Entretanto, o desejo da Isabel de servir como missionária em outro país foi crescendo no seu espírito. O Brasil era uma hipótese que parecia óbvia, devido à língua e, em parte, ao facto de ter familiares nesse país. Mas numa viagem aproveitou para visitar o México também – e nasceu a sua paixão por este país grande, de língua espanhola, cujos problemas a nível de instabilidade social e crime são conhecidos de todos. Sugerimos, na altura, que ela se candidatasse para trabalhar com a recém-fundada MEVIC («Missão Evangélica Intercultural») e o Pastor Paulo Pascoal (simultaneamente diretor do Seminário e da MEVIC) acolheu a ideia com grande simpatia, convidando a Isabel a transferir-se para a então Igreja Baptista do Murtal, que na altura o Pr. Paulo pastoreava.

 

Em março de 2008, a Isabel mudou definitivamente para o México.

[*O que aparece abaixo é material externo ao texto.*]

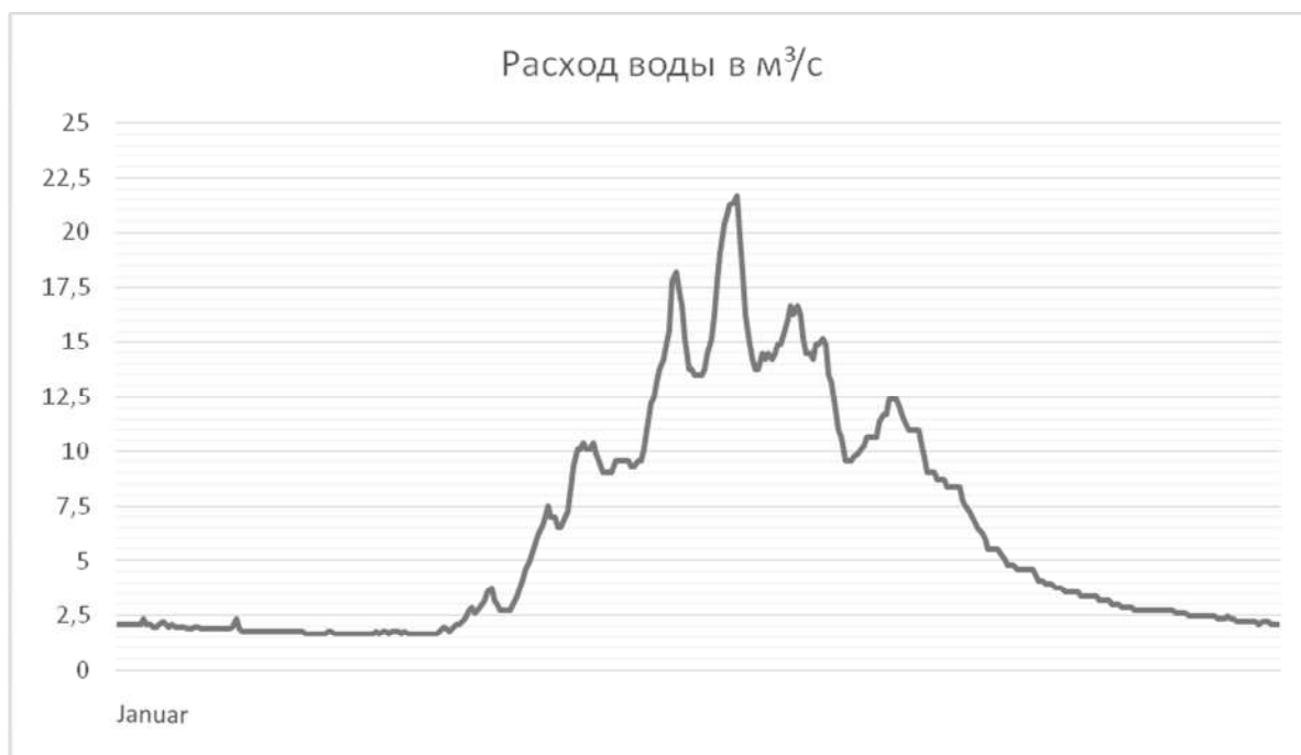
Рис. 4. Гидрограф реки Аламедин за 2017 год

При этом в период половодья увеличение расхода может быстро смениться значительным снижением, и наоборот, причем эти изменения носят случайный характер. Все это может существенно снижать точность измерений и даже приводить к отказу системы, что потребует частого ремонта, дополнительной периодической настройки и калибровки аппаратуры.

Serve, como servia aqui, com crianças de bairros pobres e na igreja atendendo a todo o tipo de necessidade, nomeadamente a nível de aconselhamento (área que desde cedo e mesmo na sua inexperiência mostrara inclinação!).

 

A sua história, contada por ela própria, pode ser lida num capítulo do livro «Mulheres em Missão», de Bertina Coias Tomé, ed. 2015, Mulher Criativa.

 

Quem acompanha uma vida assim – eu a partir dos 15 anos da Isabel e até aos 55 e a Celeste desde que ela nasceu (!) – percebe que está na presença de uma história que está a ser escrita por Outra Mão. As oportunidades que a Celeste e eu tivemos de acompanhar a Isabel foram mais do que suficientes para nos apercebermos das suas fragilidades e lutas. Mas, tendo ela descoberto o segredo de se gloriar nas suas fraquezas, para que o poder de Cristo repouse sobre ela, temos a sensação de que essas fraquezas só tornam mais admirável a manifestação da graça de Deus na sua vida.